§ **Work item**:
The output must start at the line containing "A Russian silver-gilt" in the records below and stop at the last line, matching each line exactly and leaving out every picture.

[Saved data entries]
_ _ _
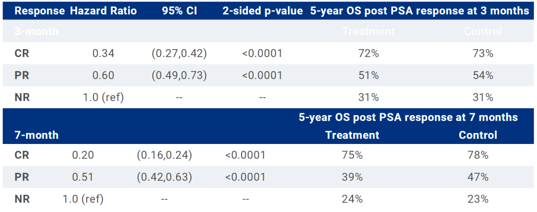 在另一项3期SWOG S1216研究(ADT+orteronel vs ADT+比卡鲁胺治疗mHSPC)的探索分析中,评价了3个月和7个月PSA缓解(PSA≤0.2 ng/mL定义为完全缓解/CR,2-4ng/mL定义为部分缓解/PR,>4ng/mL定义为无缓解/NR),结果同样显示,PSA缓解程度越好,患者的5年OS率越高,PSA缓解深度与患者生存预后显示很好的密切相关性。
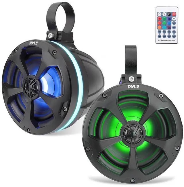 Features: - Pro Audio PowerSport Speakers with RGB Lights - Amplified (Active) Speaker System - Bluetooth Wireless Music Streaming Ability - Bridged
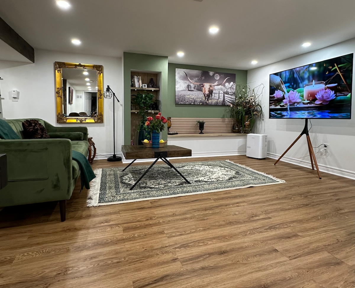 Enjoy easy access to stores, restaurants and entertainment from this perfect location. Only 5 min. drive to GO Train & Bus Terminal with quick, convenient transport to Downtown Toronto, Canada’s Wonderland, etc. This lower level guest suite is fully equipped with own laundry, kitchenette with mini fridge, Induction 2 burner Cook Top Stove, microwave, toaster and coffee maker. Cozy Fireplace, 60” screen HD TV and Luxurious King Size Bed Safe Neighbourhood with walking trails and parks.
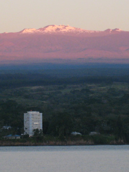 Betsi saw the snow covered mountaintop of Mauna Kea during her morning
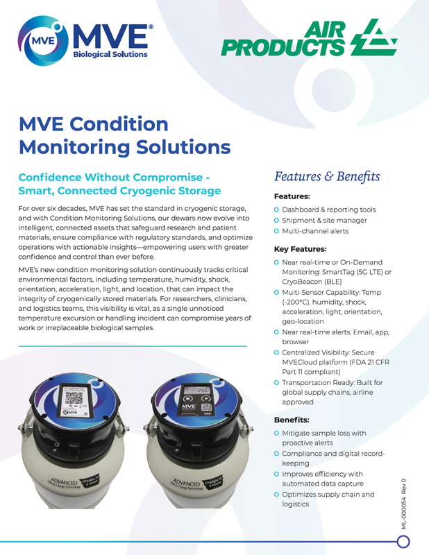 - MVECloud & App: A secure, FDA 21 CFR Part 11 compliant platform providing dashboards, alerts, and reporting
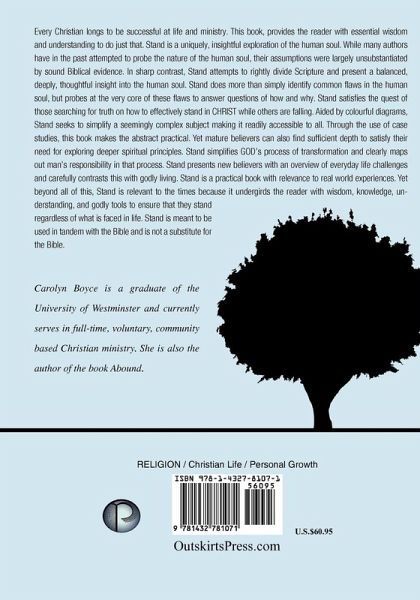 Do you find yourself becoming disillusioned by the challenges of the age? Have you observed the signs of mental unfitness in your own life or the lives of others around you? As a Christian do you find your biblical ideals increasingly becoming out of sync with everyday reality? Or do you find yourself defeated before the day has begun? Author Carolyn Boyce, in this intriguing study on the soul, clearly presents what every believer should understand in order to effectively cope with and over come the challenges of the age. By exploring the soul, you will learn how to recognize common areas of struggle which originate in the heart, mind or will. You will also analyze the lives of biblical characters in terms of the strengths or weaknesses evident in their soul. Through the use of case studies and colourful diagrams, abstract concepts can be easily grasped and incorporated into everyday Christian living. This book does not merely seek to increase the reader's knowledge but rather to aid the Christian's understanding of key biblical concepts. Stand has been conveniently organized into three sections. Section 1 In this section, the author defines essential terms, presents an overview of the book, and reviews basic biblical concepts relevant to later sections of the book. Section 2 Section two is itself divided into three parts, covering the heart, mind and will. Under the topic the heart, the author explores the structure, location, contents and condition of the human heart. Bitterness, the effect of the emotions on physical health, and how to successfully protect the heart are some of the other issues covered under this topic. Under the topic the mind, the author contrasts carnal thinking with sound thinking carefully making a strong case for sound thinking. As readers progress through this topic, they gain insight into GOD's design for the sound mind and learn how to renew the sound mind. Under the topic the will, several practical examples have been given to demonstrate the role of man's will in promoting stability and godliness in believers. Of particular importance is the chapter, The Weapons of our warfare where the author presents an interesting account of the nature of conflict in the physical and spiritual realms. The biblical alternative to successfully handling conflicts is explored through an assessment of the spiritual weapons. Section 3 This section explores the relevance of soberness in the Christian%u2019s life. Through the scenarios depicted, the reader will readily appreciate how essential the principles of balance are for standing effectively as a Christian. Relevance of the book: Stand is an essential read for all believers in the LORD JESUS CHRIST regardless of age or spiritual maturity. The book is deeply thought provoking and uniquely refreshing. Stand is very well suited to the times in which we live. It is a practical book with relevance to real world experiences. Stand simplifies GOD's process of transformation in Christians and clearly maps out their responsibility in the process. Stand is relevant to the times because it undergirds the reader with wisdom, knowledge, understanding, and godly tools to ensure strength regardless of what is faced in life.
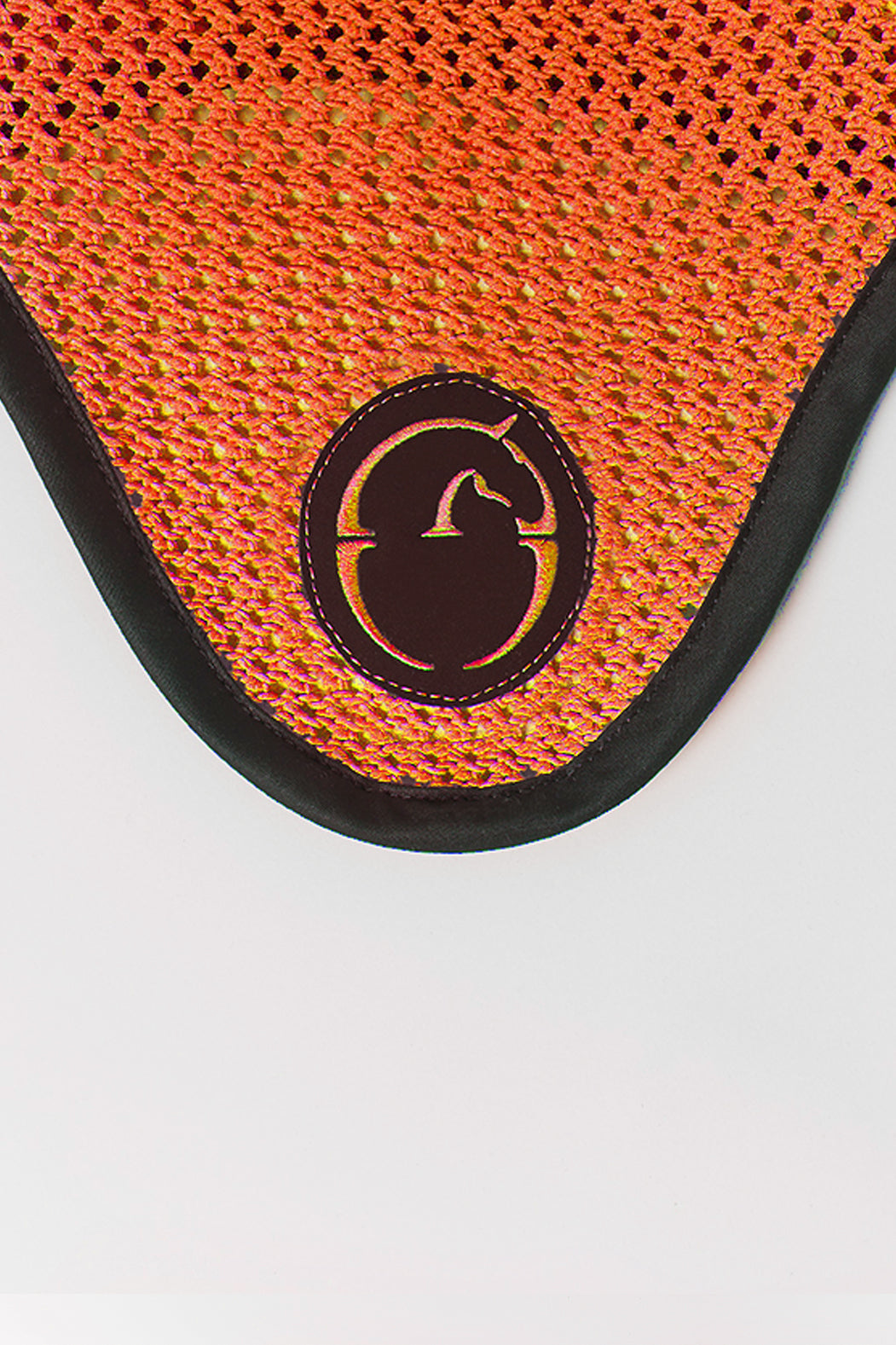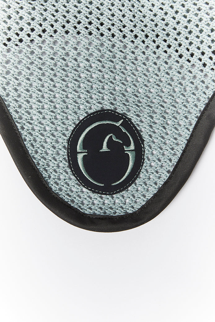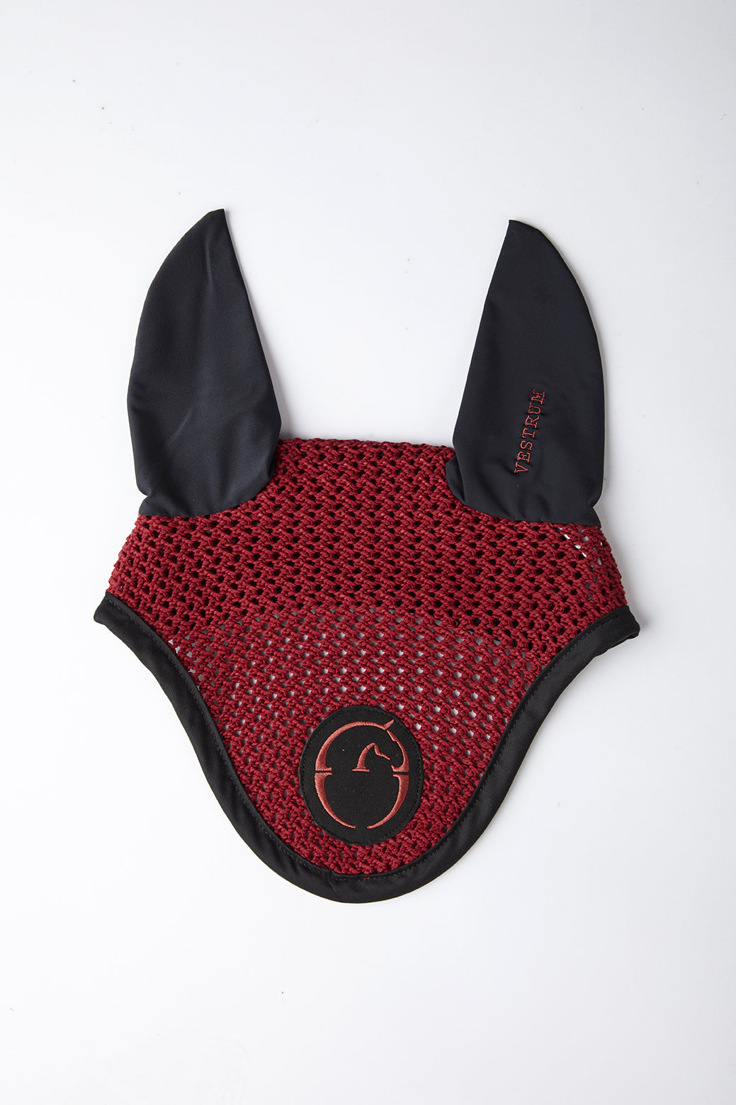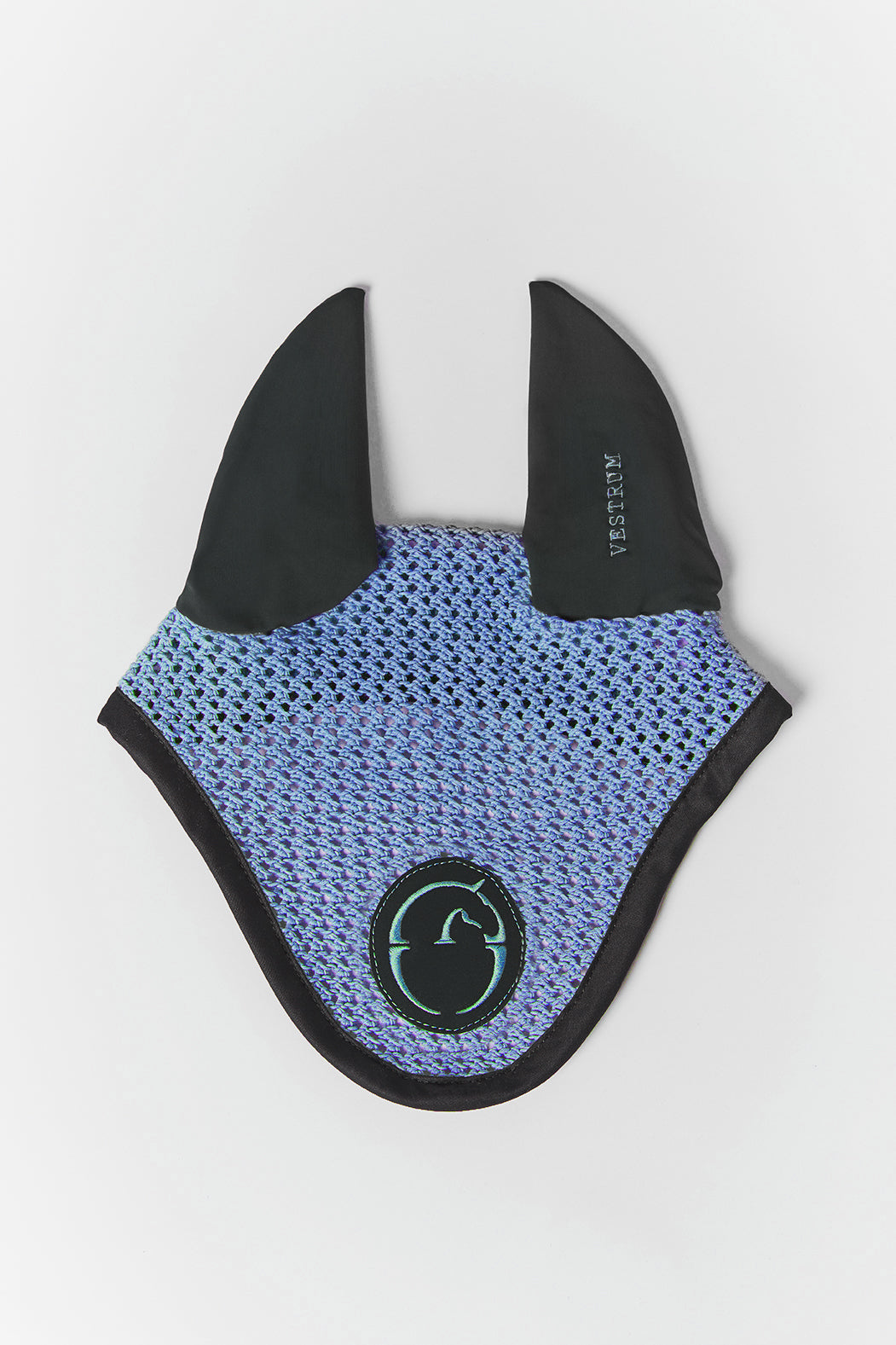 Hand crocheted bonnet in cotton. Made of comfortable and breathable cotton, ears made of bielastic fabric. Vestrum logo on the front and edged edge. Keeps insects out and reduces noise.
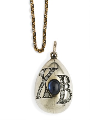 A Russian silver-gilt pendent Easter egg with a cabochoncut sapphire and XB in diamonds
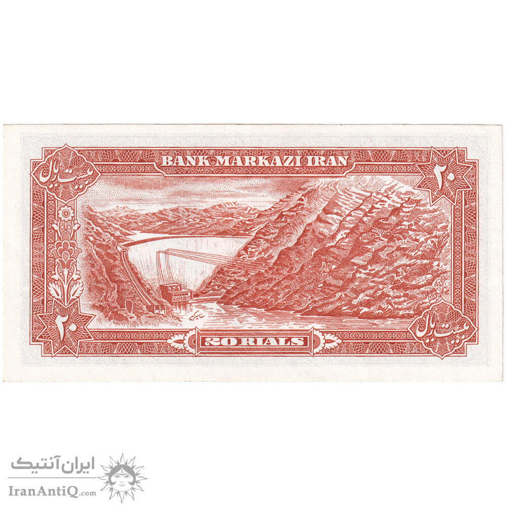 اسکناس 20 ریال (یگانه - خوش کیش) - تک - UNC60 - محمد رضا شاه
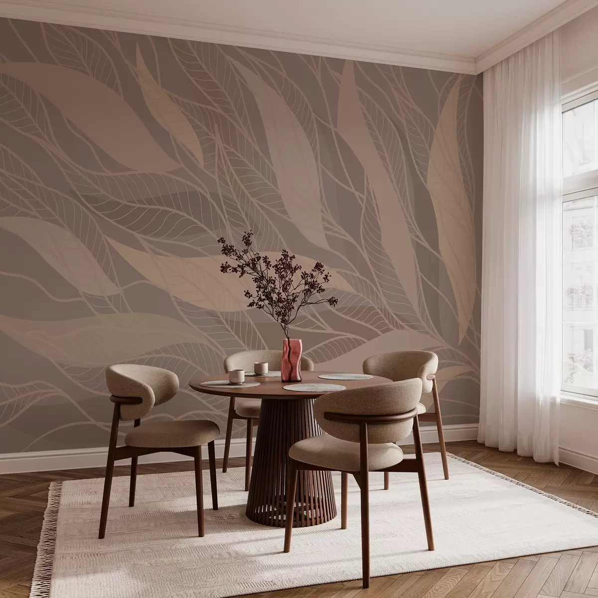 Fototapety abstraktní listy v béžových a teplých barvách Č. w03117
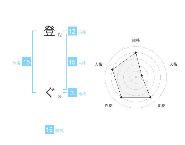 登 ぐさんの外格は15画の4点!
_ _ _
§ **Task answer**:
 A Russian silver-gilt pendent Easter egg with a cabochoncut sapphire and XB in diamonds
 اسکناس 20 ریال (یگانه - خوش کیش) - تک - UNC60 - محمد رضا شاه
 Fototapety abstraktní listy v béžových a teplých barvách Č. w03117
 登 ぐさんの外格は15画の4点!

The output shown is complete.